The only requirement is that the market remain at its current location or at some new site within a half-mile of the current site.

“As long as the market stays in the neighborhood, then that money goes to them,” he said.

If the money is not needed — either because the market loses at auction or wins with its existing bid — donors will get their money back, he said.

Work needed

McKenzie predicted that without the neighborhood’s help, it’s “very probable that the numbers would not work out.”

He said Schoep’s has neglected the market property’s upkeep in recent years and it likely needs from $110,000 to $150,000 in improved insulation and mechanicals, exterior work and other items.

Fink said that money raised by his group could be used for such work if the work is required by a developer that intends to keep the store in the neighborhood. McKenzie said he could envision a outcome in which a developer buys the entire Schoep’s property then sells the market property to the market.

“This fund is not meant for general upgrades to the store, only to supplement the bid or help pay for the costs associated with the process,” Fink said.

Personal options

McKenzie said he and the other owner are prepared to tap into personal home equity and other personal sources to help pay for the purchase. Fink said he was satisfied the business had a genuine need for neighbors’ financial help.
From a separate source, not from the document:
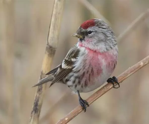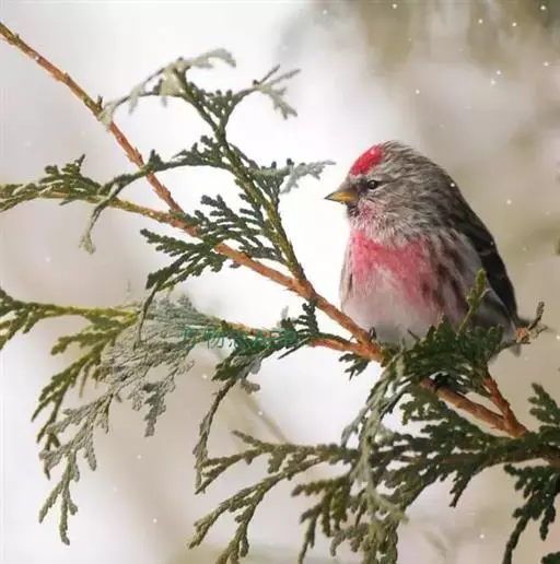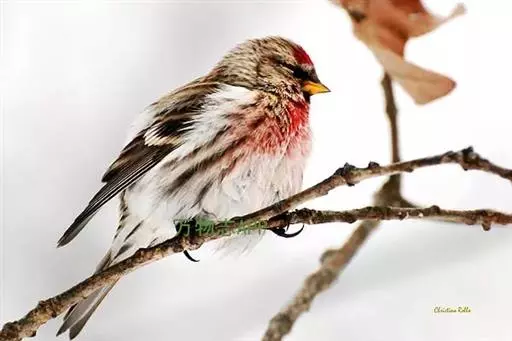 白腰朱顶雀(学名:Acanthis flammea)为雀科金翅雀属的鸟类,体型似麻雀,体长约13厘米。额和头顶深红色,眉纹黄白色;上体各羽多具黑色羽干纹;下背和腰灰白色,而沾粉红色,翼上具二条白色横带;喉、胸均粉红色,下体余部白色。雄性幼鸟与雌鸟同色,但下体沾黄色。

“I’m overwhelmed at the customer support in this,” McKenzie said. “These people have taken ownership in that store.”

The market is in a neighborhood mixed-use zoning district, which under city ordinance could allow the market property to be redeveloped for a wide variety of uses, although some come with specific conditions. Uses range from single-family homes and apartments to retailers and liquor stores to coffee shops and restaurants.

The Schoep’s receivership case is next scheduled to be in Dane County Circuit Court on Wednesday.